• [Dataset section]

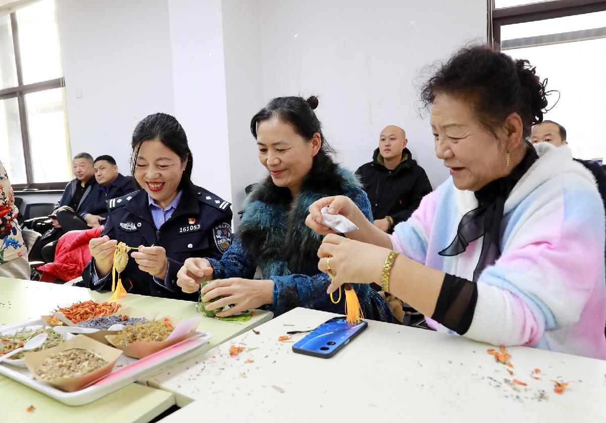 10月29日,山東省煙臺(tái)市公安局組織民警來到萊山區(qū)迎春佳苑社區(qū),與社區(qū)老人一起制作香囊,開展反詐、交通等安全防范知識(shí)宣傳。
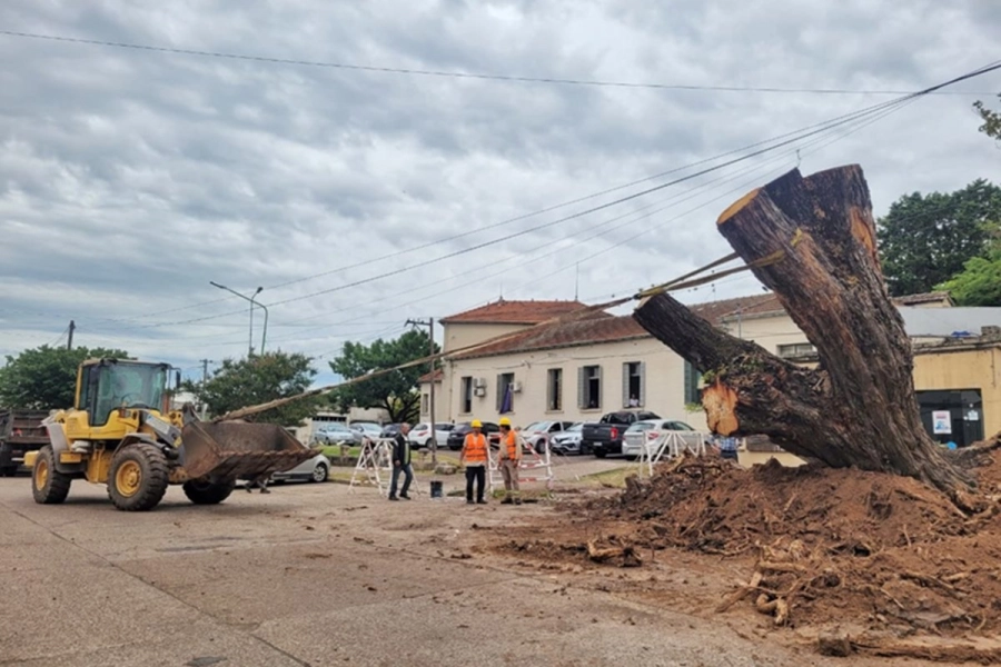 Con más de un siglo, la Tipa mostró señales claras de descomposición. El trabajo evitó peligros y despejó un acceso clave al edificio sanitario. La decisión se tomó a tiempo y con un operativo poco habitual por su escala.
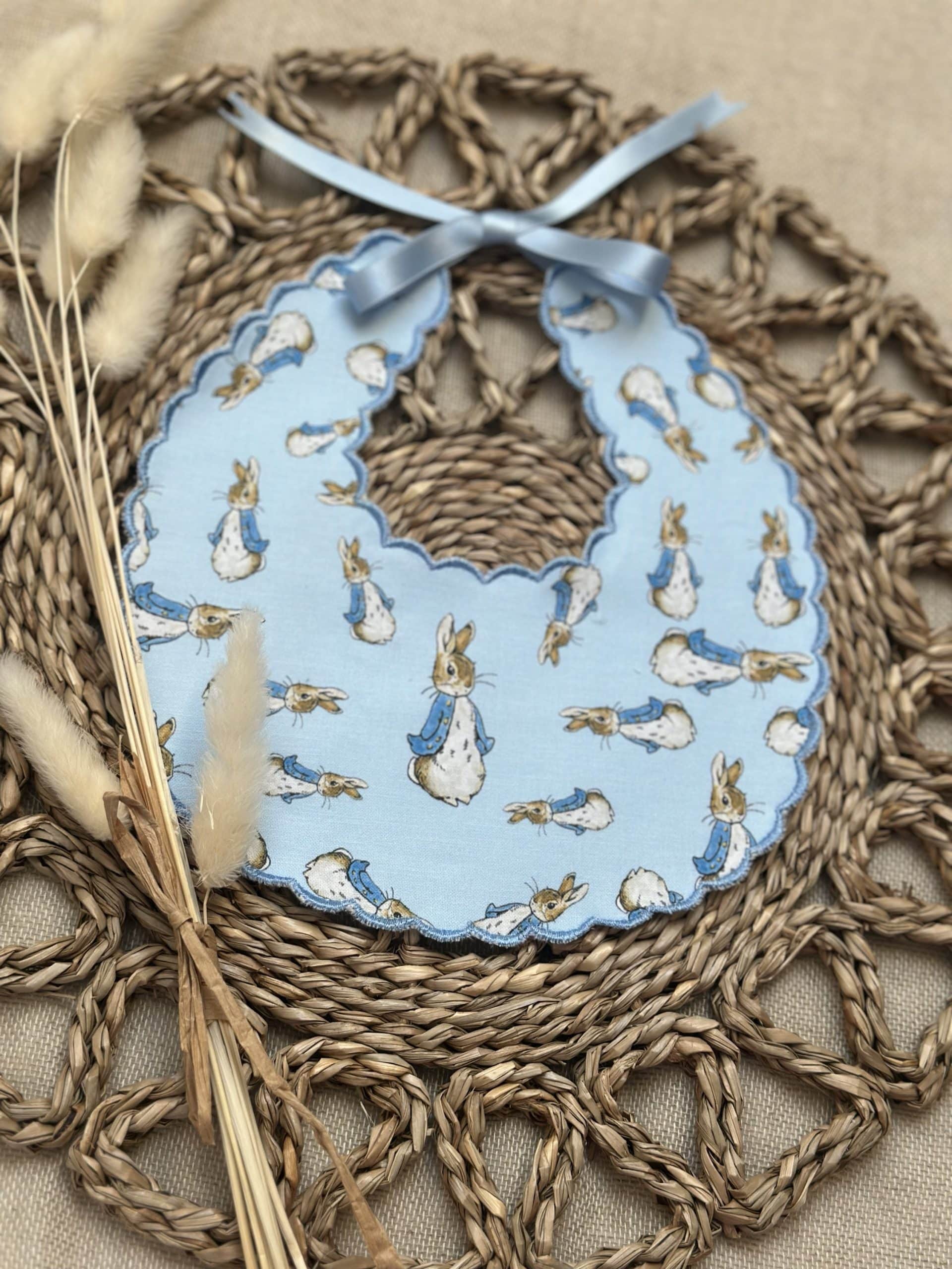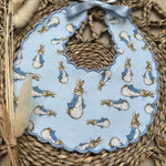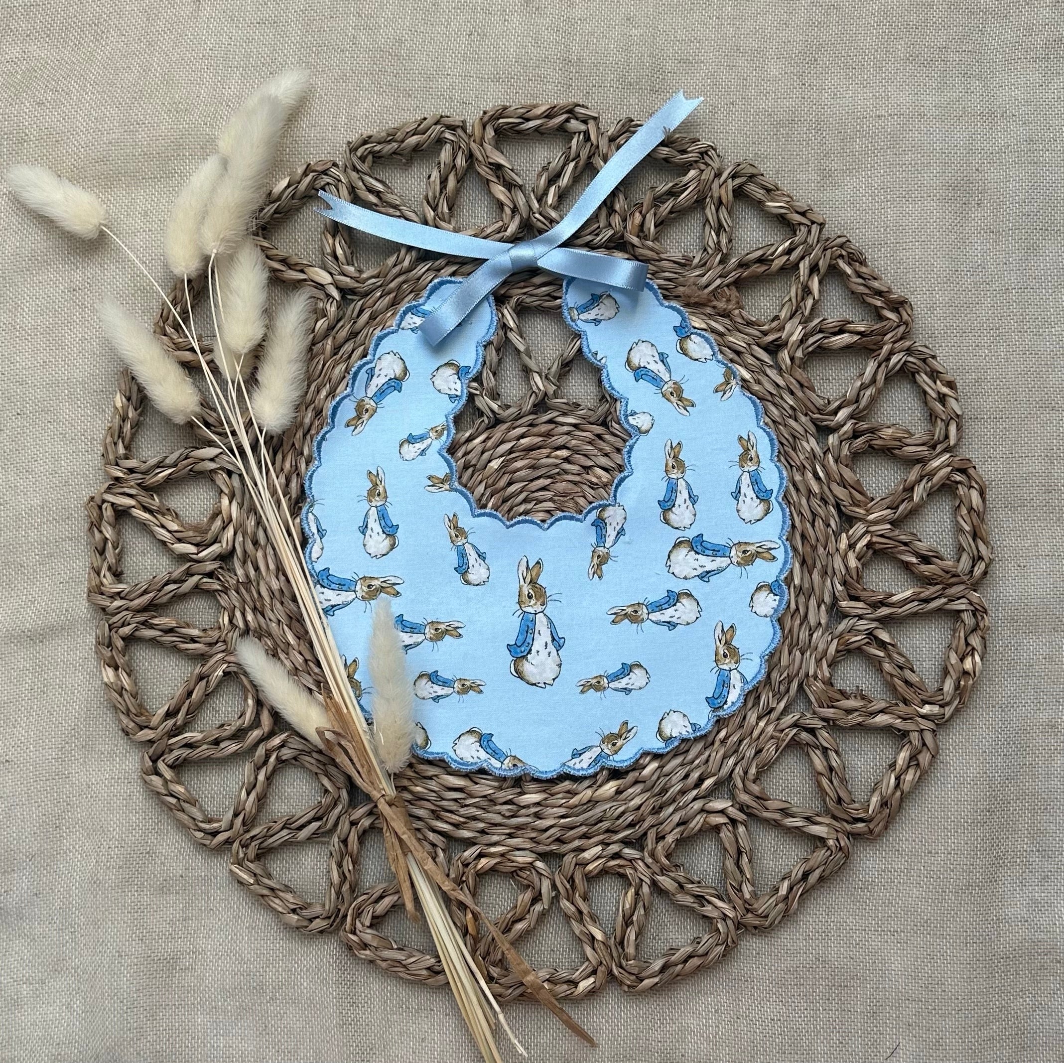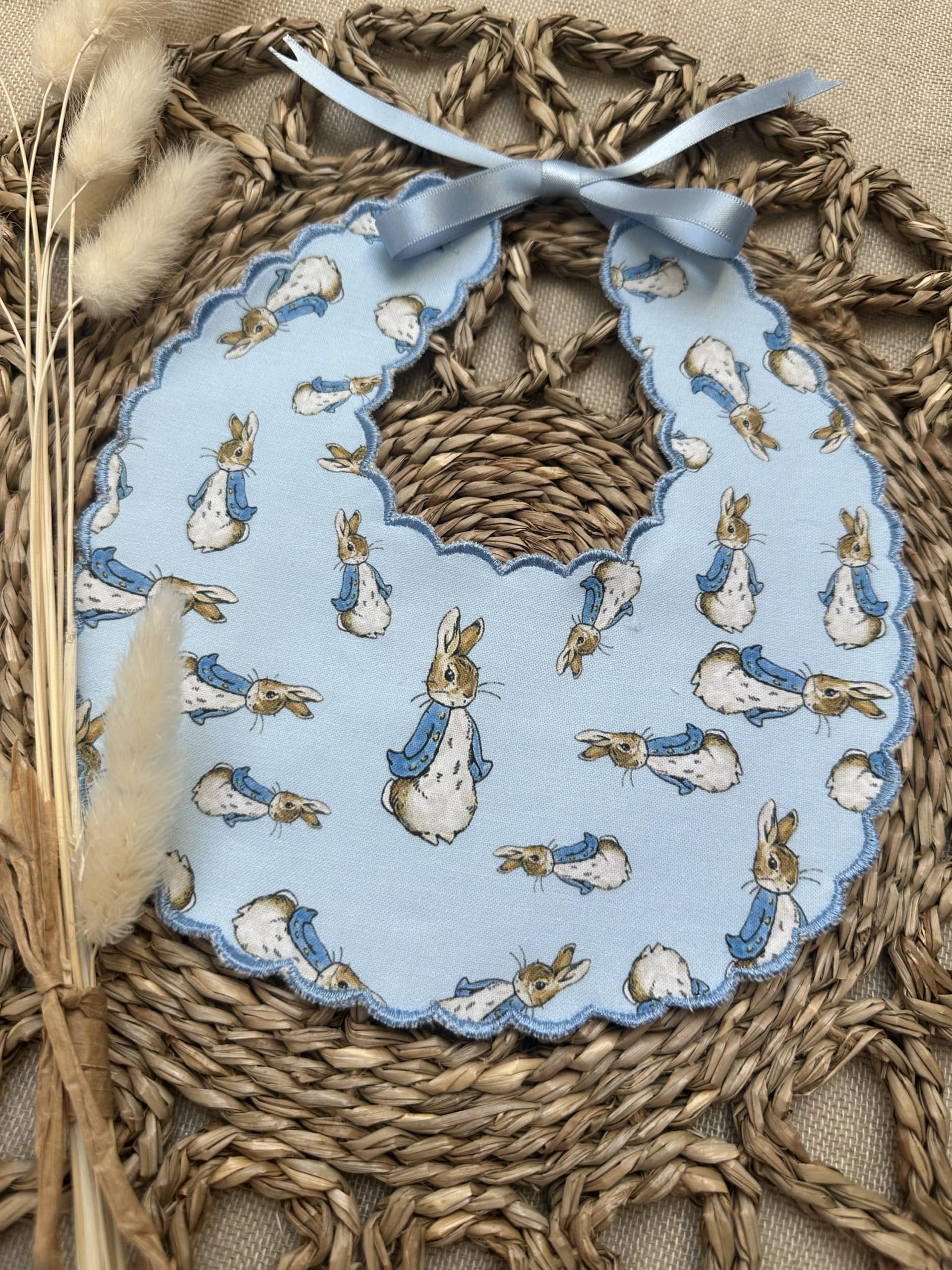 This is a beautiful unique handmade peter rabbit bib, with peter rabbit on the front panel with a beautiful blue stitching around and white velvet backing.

• [Description of the task]
Copy all the data exactly as written, but skip any picture.

• [Answer for this exercise]
 10月29日,山東省煙臺(tái)市公安局組織民警來到萊山區(qū)迎春佳苑社區(qū),與社區(qū)老人一起制作香囊,開展反詐、交通等安全防范知識(shí)宣傳。
 Con más de un siglo, la Tipa mostró señales claras de descomposición. El trabajo evitó peligros y despejó un acceso clave al edificio sanitario. La decisión se tomó a tiempo y con un operativo poco habitual por su escala.
 This is a beautiful unique handmade peter rabbit bib, with peter rabbit on the front panel with a beautiful blue stitching around and white velvet backing.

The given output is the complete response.